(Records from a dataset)
[Start of Attachment]

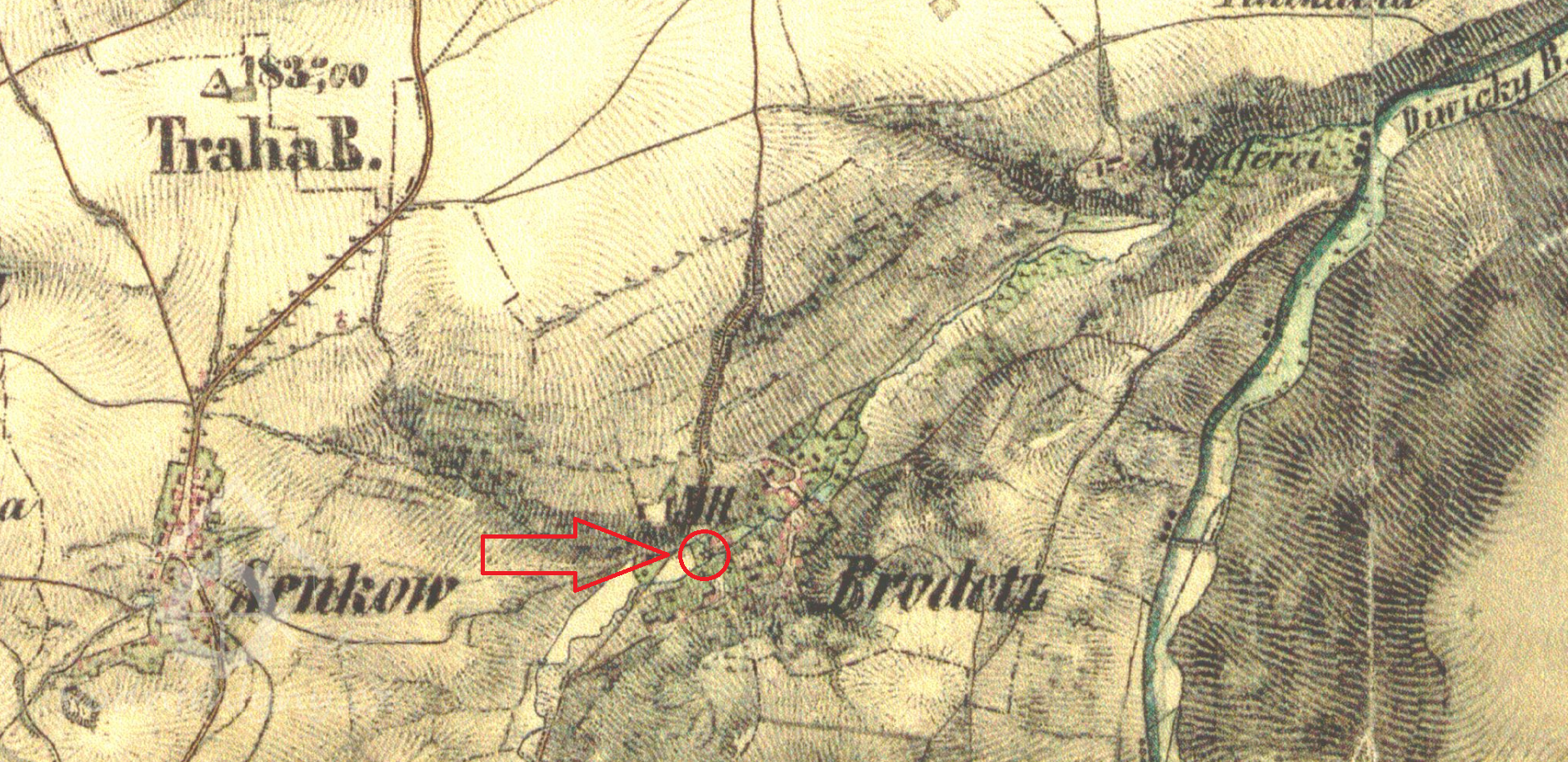 150 m jv od zámku v Brodci
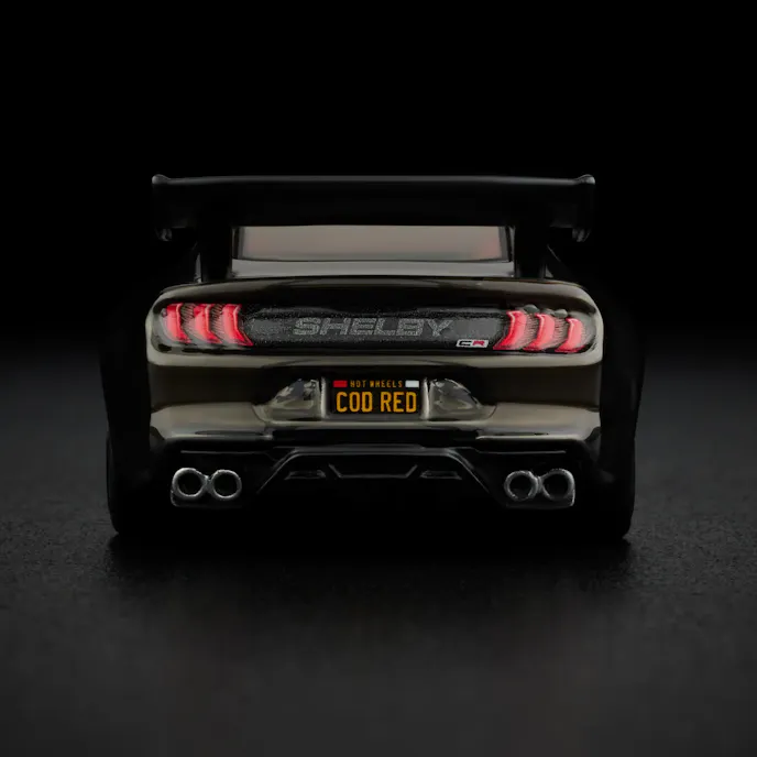 The detailed diecast sports signature Code Red accents and an eye-catching Spectraflame finish. It even has tinted windows and gloss-black five-spoke wheels. Its functional hood allows for showing off that four-digit, twin-turbo Predator engine lurking beneath, which sports the aforementioned twin-turbo system and more from Fathouse Performance, where the team was taken aback to see a car they helped bring to life become an iconic toy.
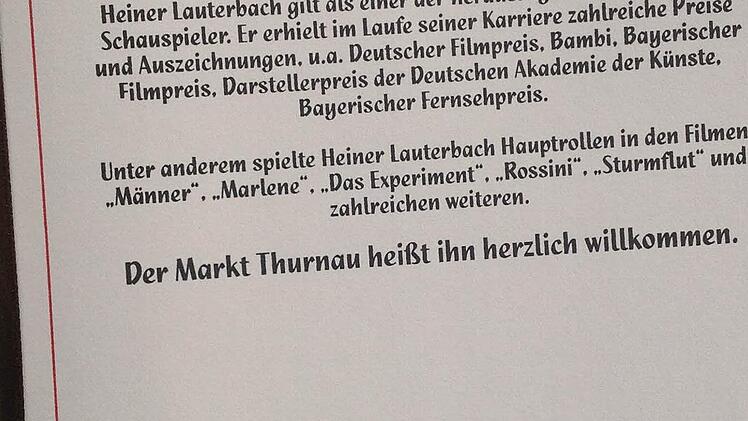 Der bekannte Schauspieler ist für Filmaufnahmen in der Gemeinde im Landkreis Kulmbach. Dort entstanden Szenen für den ZDF-Dreiteiler "Tannbach". Lauterbach trug sich auch ins Gästebuch des Marktes Thurnau ein.
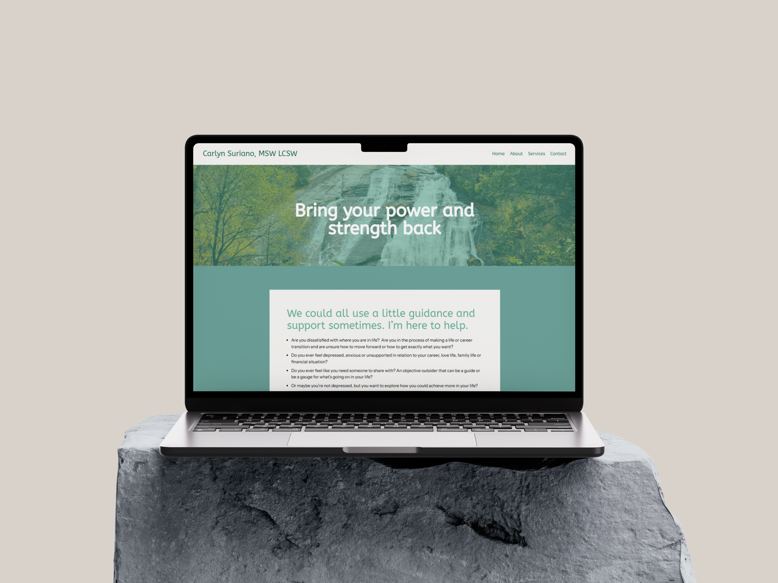 Carlyn reached out to me needing a new website for her psychotherapy services. I put together a site using an earthy, comforting color palette and nature imagery to complement her vision.
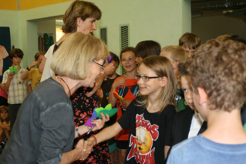 Zuerst konnten wir die Sieger des Känguru-Wettbewerbes auszeichnen. Wir gratulieren Vincent W. und Arne K. Danach löste Herr Gläsel ein Versprechen ein. Vor drei Jahren hatte er sich gewünscht, dass sich mehr Jungs dem Tanzen widmen. Nun erhielten unsere Breakdancer zur Belohnung ein cooles Shirt. Im Anschluss zeigten Schüler der Klassenstufe 3 einen Ausschnitt aus dem Programm zur Kästner-Ralley. Vielen Dank. Als fünf Lehrerinnen spontan eine Tanzeinlage auf das Parkett legten, kochte die Halle. Mit unserer Laola-Welle starteten wir dann gemeinsam in die Ferien.

[End of Attachment]

* **Work to be completed**
Go from the first line of the data above to the line containing "Carlyn reached out" and retype exactly those lines, both included, but none of the pictures.

* **Reply**
 150 m jv od zámku v Brodci
 The detailed diecast sports signature Code Red accents and an eye-catching Spectraflame finish. It even has tinted windows and gloss-black five-spoke wheels. Its functional hood allows for showing off that four-digit, twin-turbo Predator engine lurking beneath, which sports the aforementioned twin-turbo system and more from Fathouse Performance, where the team was taken aback to see a car they helped bring to life become an iconic toy.
 Der bekannte Schauspieler ist für Filmaufnahmen in der Gemeinde im Landkreis Kulmbach. Dort entstanden Szenen für den ZDF-Dreiteiler "Tannbach". Lauterbach trug sich auch ins Gästebuch des Marktes Thurnau ein.
 Carlyn reached out to me needing a new website for her psychotherapy services. I put together a site using an earthy, comforting color palette and nature imagery to complement her vision.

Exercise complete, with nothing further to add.